Grrr, (edit first, THEN hit send)

"vast majority" was incorrect...
it should have read they ALL required more than 250 wh/mile from the outlet.



_______________________________________________
For subscription options, see
http://lists.sjsu.edu/mailman/listinfo/ev


----------



## EVDL List (Jul 27, 2007)

> Peter VanDerWal wrote:
> 
> > What we have to put INTO the vehicle is what counts when we
> > are figuring out how to get it in.
> ...


----------



## EVDL List (Jul 27, 2007)

Of course, there is always the super conductor route. Use a coaxial
super conductor cable just between the main and the vehicle to keep it
manageable.

PS I am not one who cares about rapid charging, but would like to have
150 mile range.


I wish I could find the link but this stuff is getting more and more
popular in battleship wiring and transmission lines.
I think they call it HTS cable for High Temp Simiconductor.

_______________________________________________
For subscription options, see
http://lists.sjsu.edu/mailman/listinfo/ev


----------



## EVDL List (Jul 27, 2007)

Are we are forgetting duty cycle?

For example someone pushes 2000 amps thru much smaller wiring in the
zombie because he doesn't have to do it for very long.
Perhaps 50% duty cycle would reduce the cable size.

(at least it will become more flexible faster)

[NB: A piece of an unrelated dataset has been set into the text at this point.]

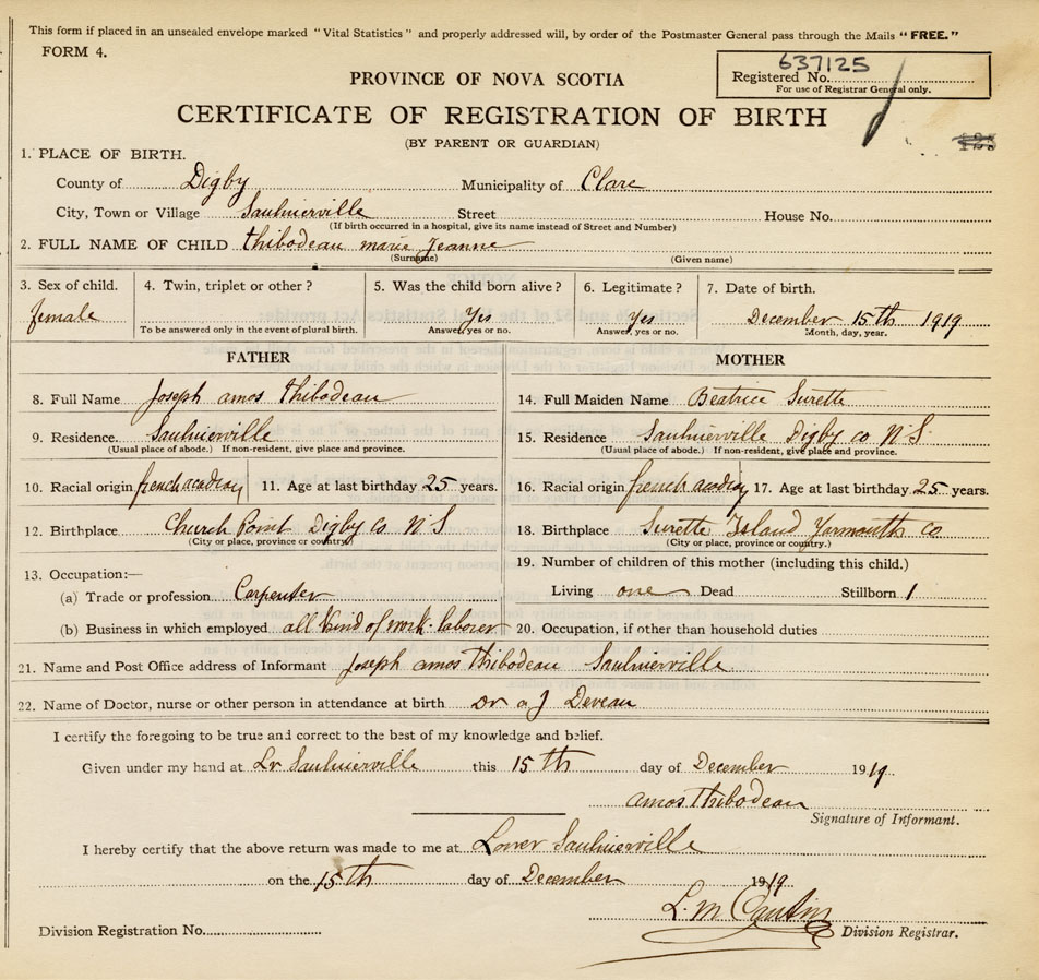 21. Name and Post Office address of Informant Joseph Amos Thibodeau Saulnierville, Digby Co., NS

_______________________________________________
For subscription options, see
http://lists.sjsu.edu/mailman/listinfo/ev


----------



## EVDL List (Jul 27, 2007)

I saw an interesting futuristic proposal once that had a slot in bottom
of the car. You drove up to a station and right on to the monorail.
While on this commute freeway you don't have to steer and the battery
gets a charge. When you get to your destination station you disembark
and drive under your own power.

They had some interesting method of getting off the track but I never
did find out their solution when a person has a flat or breakdown.


I also like the driveon/driveoff train. If we plug in the train can use
it's dynamic breaking to charge the vehicles.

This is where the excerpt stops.